Quanto all’elevazione del numero minimo delle firme necessarie agli strumenti di democrazia diretta, essi sono innanzitutto il semplice esito di una rivalutazione del numero degli abitanti, che è oggi quasi del 50% più numeroso di quella degli anni in cui fu vergata la Costituzione, dunque in percentuale non si sta variando granché. Se una critica si deve muovere a quegli articoli si può notare, semmai, che non è affatto chiara la differenza tra referendum propositivo e legge di iniziativa popolare. Il primo sarà automaticamente convertito in legge? Gli stesi costituzionalisti non l’hanno capito, e figuriamoci noi.

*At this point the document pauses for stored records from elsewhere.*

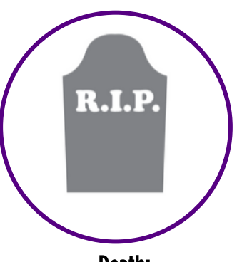
Death: Seagulls live to be about 20 years of age.
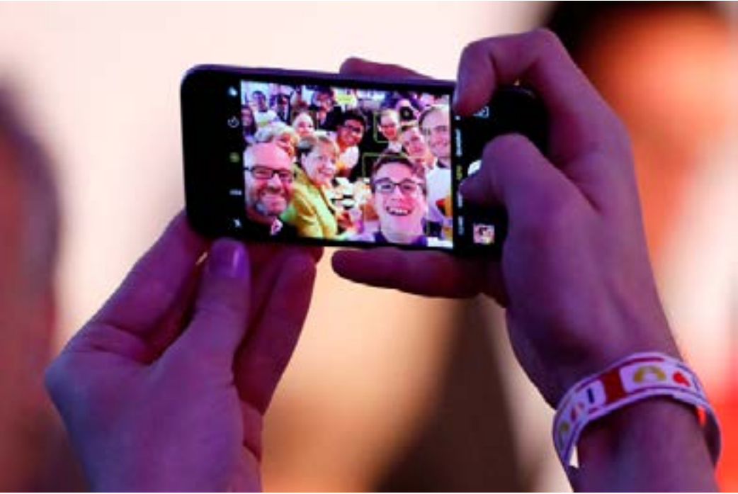
German Chancellor Angela Merkel is pictured on a mobile phone as she attends a breakfast with supporters at the CDU party election campaign meeting centre in Berlin
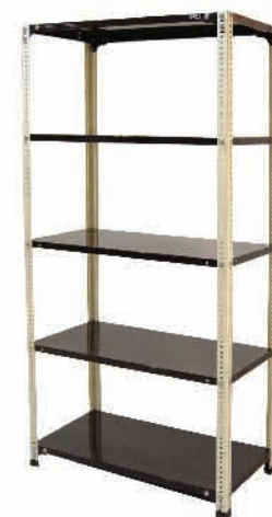
MS-05 Open Shelf Cabinet
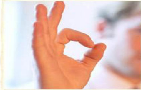
Fig. 1 Vision based

besides system requirements such as velocity, recognition time, robustness, and computational efficiency [7] [17].
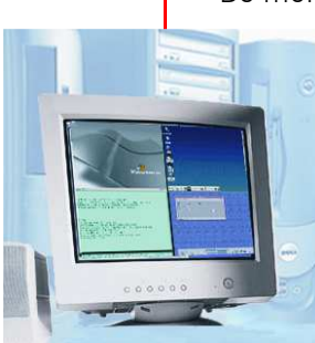
Real-time quad view

the dynamic, new QuadraVista 2, Quad video KVM Switch, from Rose Electronics.
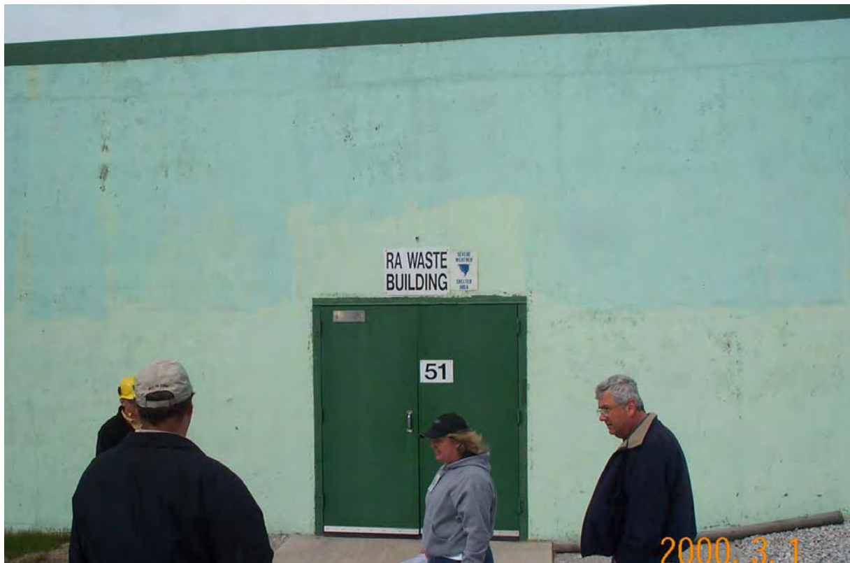
HAL 4/2008. PL-12. Entrance to RA Building.
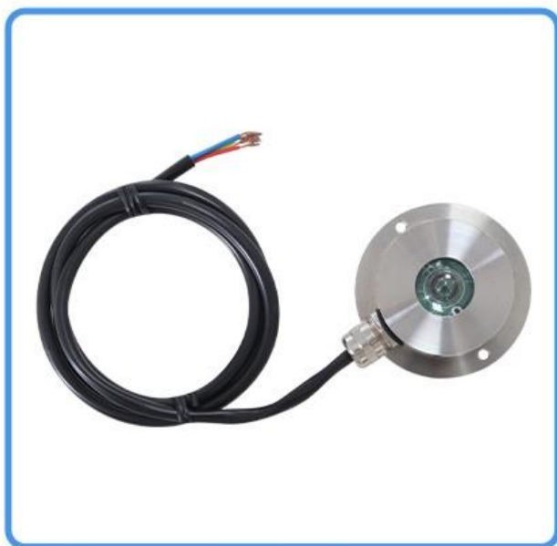
Stainless steel illuminance sensor (No power supply and no converter)
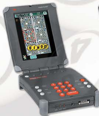
Lil' Champ™ Handset

Here's just a sampling of the specialty games and gaming devices Video King has to offer:*
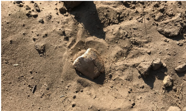
1. Bone found between Km 102 and 103 – Sept 7, 2017
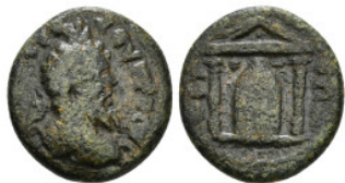
181 Roman Provincial Coin AE 5,04 g - 18,07 mm
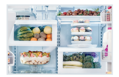
Adjustable Interior Storage Over 100 ways to organize and customize your refrigerator.
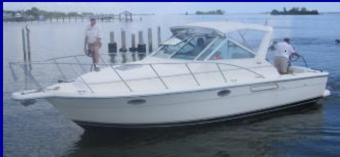
Old Squid Lips Photos
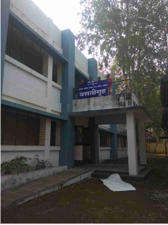
47 Revenue Generation Center Photograph
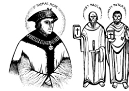
English Martyrs and Ss. Peter and Paul's
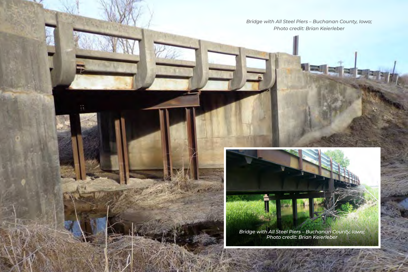
Bridge with All Steel Piers – Buchanan County, Iowa
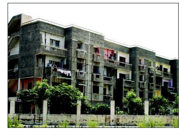
MIG Housing at Dwarka
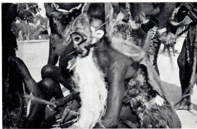
Fig. 4. Other scene of nkunda rite.
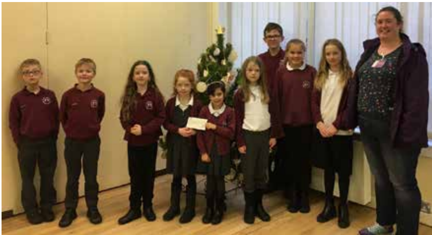
Pupil council of Portmoak Primary School and Broke Not Broken representative

Kinross High School donated a massive amount of food thanks to the co-ordination of all in Lomond House who helped collect food for their reverse advent calendars.
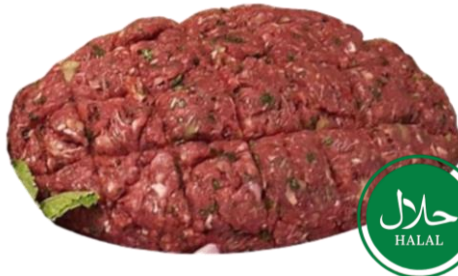
Lebanese Beef Kafta Prepared in Store. 17.56/kg.
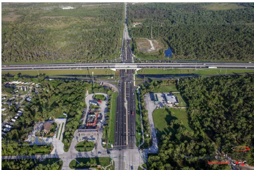
Interchange at SR-9/I-95 and CR 512 in Indian River County
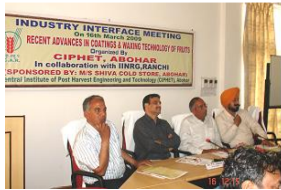
Technical session during Industry interface meeting
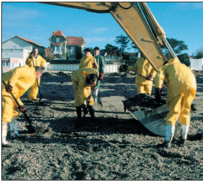
Shoreline deployments require extensive management (see box below).

The extent and potential threat of these hazards must be taken into account before committing responders to any particular activity. If there is a risk, suitable and appropriate countermeasures and plans should be established, communicated and tested.
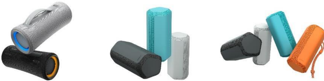
SRS-XG300, SRS-XE300 and SRS-XE200

Sony expands its wireless speaker X-Series range with 3 new models that let you LIVE LIFE LOUD
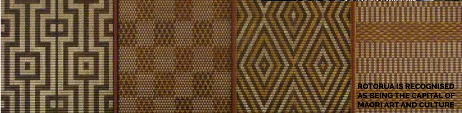
ROTORUA IS RECOGNISED AS BEING THE CAPITAL OF MAORI ART AND CULTURE

Alla fine di questa breve panoramica, sebbene questa parte della Riforma non risulti esente da pecche o da aspetti che potevano essere trattati diversamente, sembra del tutto sproporzionato il timore che il nuovo assetto possa favorire “derive autoritarie”, come pure quello che venga ridimensionato il diritto di rappresentanza. Questo naturalmente non dice nulla sul fatto che il nuovo assetto possa essere migliore del vecchio, ma solo che sotto questo preciso aspetto verosimilmente non sarà peggiore.